13 POR DONDE INCLINAS TUS PASOS

  Por donde inclinas tus pasos, ¿has pensado si puedes resbalar?, ¡tienes que pensar!, porque no todo el camino se puede transitar, has de estar alerta para no tropezar, que se hace con facilidad, el dar a vuestros hermanos lo que no queréis que os den ellos; por esto es preferible andarlo despacio, porque cada cual ha de transitar el que tiene asignado, y aún tiempo para dejar un recuerdo satisfactorio de cómo supo vencer los obstáculos que a su paso encontró.

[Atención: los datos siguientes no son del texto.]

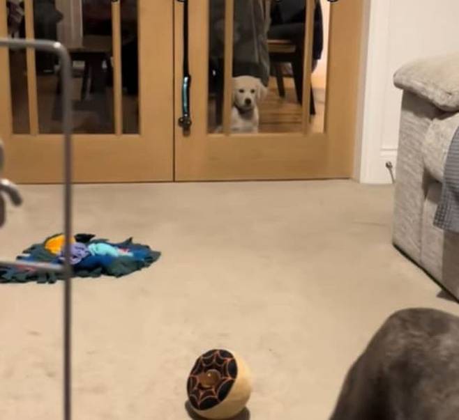 결국 주인은 잠시 형에게 쉴 시간을 주기 위해 아기 골든 리트리버 강아지 랄프를 방 밖으로 내보내기로 합니다.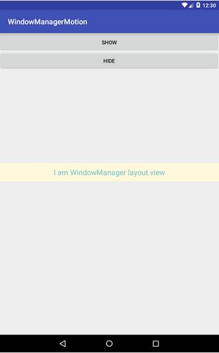 <?xml version="1.0" encoding="utf-8"?> <LinearLayout xmlns:android="http://schemas.android.com/apk/res/android" android:layout_width="match_parent" android:layout_height="wrap_content" android:gravity="center" android:id="@+id/root" android:orientation="vertical"> <TextView android:layout_width="match_parent" android:layout_height="50dp" android:text="I am WindowManager layout view" android:textSize="20sp" android:gravity="center" android:layout_gravity="center" android:background="#FFF8DC" android:textColor="#7AC5CD"/> </LinearLayout>

Si lo andas despacio lo podrás examinar, y separar de tu lado todo lo que pueda hacerte resbalar, sin conseguir cancelar cuanto debes, que has de hacer con inmutabilidad y cautela para no dañarte y hacerlo a los demás que son tus hermanos y los has de respetar.

  Si eres hermano ignorante a esta bella doctrina, no la rechaces cuando te la presenten, no desprecies una cosa que no has comprendido. Estúdiala, medítala y así podrás comprenderlo, antes de dar el fallo. Es la doctrina del Cristo lo que yo te presento y la que has de seguir si quieres salvar el alma. ¿Tú sigues algo de lo que él nos enseñó para llamarte cristiano?, la humildad lo primero, y siguen sus buenas obras. El vino a enseñar el camino, y el que no practique lo enseñado por él no es cristiano ni ama a Dios a pesar de creer que puede tener punto de apoyo en ese creer.

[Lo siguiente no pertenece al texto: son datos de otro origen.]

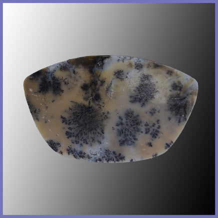 Plume Agate Cabochon with black, white, and orange/brown plumes set in bluish cloudy agate.

  Procura dejarte guiar por el hermano guía que a tu lado llevas, ya que él, solo te aconseja seguir los hechos que te han de hacer elevar a Dios. No te importe que en ello hayas de humillar la materia que es cuando asciende tu espíritu, y solo a eso has venido al destierro, y no siempre eres valiente para hacerlo, porque en el mejor de los casos dejas al descubierto el yo superativo que en ti vive y palpita, y es cuando desciendes, lo que tanto trabajo te costó de ascender. Por eso llevas tantos siglos con ese vas y vienes, pues hasta aquí ha habido paso a los rebeldes a este destierro, mas ahora ya irás si no has sabido cumplir, a otro mundo peor, y por el sufrimiento que pasarás te despojarás de todo cuanto en otros mundos te cargaste, que son cuantas imperfecciones te impiden elevarte y dejar el destierro definitivamente.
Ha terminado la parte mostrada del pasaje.